What having 12 nominals instead of 7 improves is that this pattern-breaking happens less of the time, and the maximum number of ups and downs to use decreases, making for slightly less complicated or messy note names/notation. This is because the difference between 7 fifths and the closest whole number of octaves in just intonation (called the apotome) is relatively quite large; in fact, it’s more than half of a plain whole tone (9/8). This means that even just a single sharp and single flat will cross over in just intonation Pythagorean tuning (which uses a chain of just 3/2 fifths). The rest of the distance to 9/8 is the difference between only 5 fifths and the closest whole number of octaves (called the Pythagorean limma). Using this instead (thus using only 5 nominals) would allow for single sharps and flats to not cross over in just intonation, but would not for double sharps and flats, which would still cross over between steps of a whole tone between nominals (the other step size would be a minor third with this many nominals). The difference between 12 fifths and the closest whole number of octaves, however, is much smaller. Because the step sizes between the nominals are also smaller, this also means that double sharps and double flats often cross over, but the higher number of nominals also help larger EDOs not contain as many ups and downs, as well as lower degrees of ups and downs (e.g. double-up compared to quadruple-up). So, while the idea of a 5-nominal system is something that I also somewhat want to explore, I went with this system to develop first.
For EDOs with a single chain of closest perfect fifths that eventually leads back to the root note (i.e.
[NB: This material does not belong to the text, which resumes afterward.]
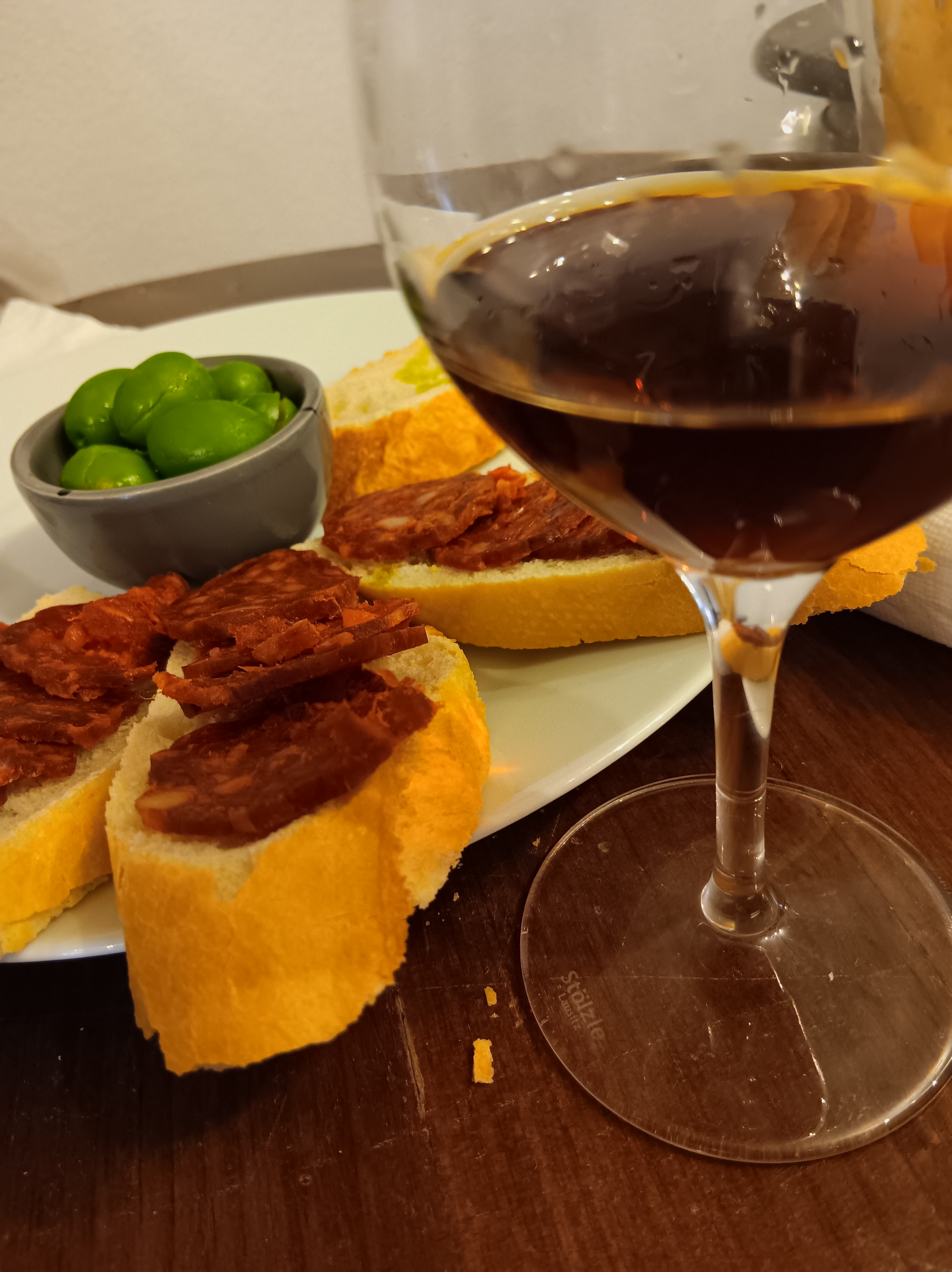 There were four wines all typical of Cordoba and all from the pedro ximenez grape. Ah you say isn’t that what you make sherry with. Apparently, sherry, named after the Jerez wine region, is mostly made from the palomino grape and the pedro ximenez they use in their dessert wine is brought in from Cordoba! The pedro ximenez grapes are higher in sugar for the dessert wine.

EDOs where the number of steps of their best approximation of 3/2 is coprime with the number of note per octave they have), it follows the chain of fifths, moving to sharps, flats, double sharps, double flats, etc. when needed, unless it falls within the range of another nominal, in which case, it becomes the next higher or lower degree of up or down of that note (including for sharp and flat notes).
For EDOs with multiple rings of closest perfect fifths, such as 34 or 72, ups and/or downs are added in between the ones for the corresponding EDO with one ring, with the degrees of the ups and downs adjusted to compensate for ones already present in the single-ring EDO if needed.
For EDOs with a best approximation of 3/2 of 720 cents and sharper, I only used 5 nominals, with the fifth pattern Y-T-O-V-Q, and for EDOs with a best approximation of 3/2 of 4 steps of 7edo and flatter (except for 11edo), I used only 7 nominals, with the fifth pattern R-Y-T-O-V-Q-X. For 11edo, I used all the nominals in order except for U.
For now, I’ve decided on note O being equivalent to A, with concert O5 being the same as concert A4 being 440 hz. I’ve also decided the fifths pattern to be P-W-R-Y-T-O-V-Q-X-S-Z-U with U going forward to P sharp and P going backward to U flat in just intonation. This may cause issues since the center of the 7-nominal fifth pattern is D (equivalent to T in my system), but if others don’t think it’ll be much of a problem, then I’ll keep it this way. A mnemonic I came up with to remember the 12-nominal pattern of fifths is: “Possibly, when raving yellow tigers overtly vocalize, quiet xylophones sing zealous undertones.”
Thanks to Kite (who I mentioned earlier), groundfault, and Stephen Weigel, who helped me develop this system. Below is a PDF of all EDOs from 5 to 72 notated in this “dodecanominal” note naming system, as I’ve been calling it, with enharmonic equivalences.
I may continue to update this article (and PDF) with new info, corrections, diagrams/graphics, and so on.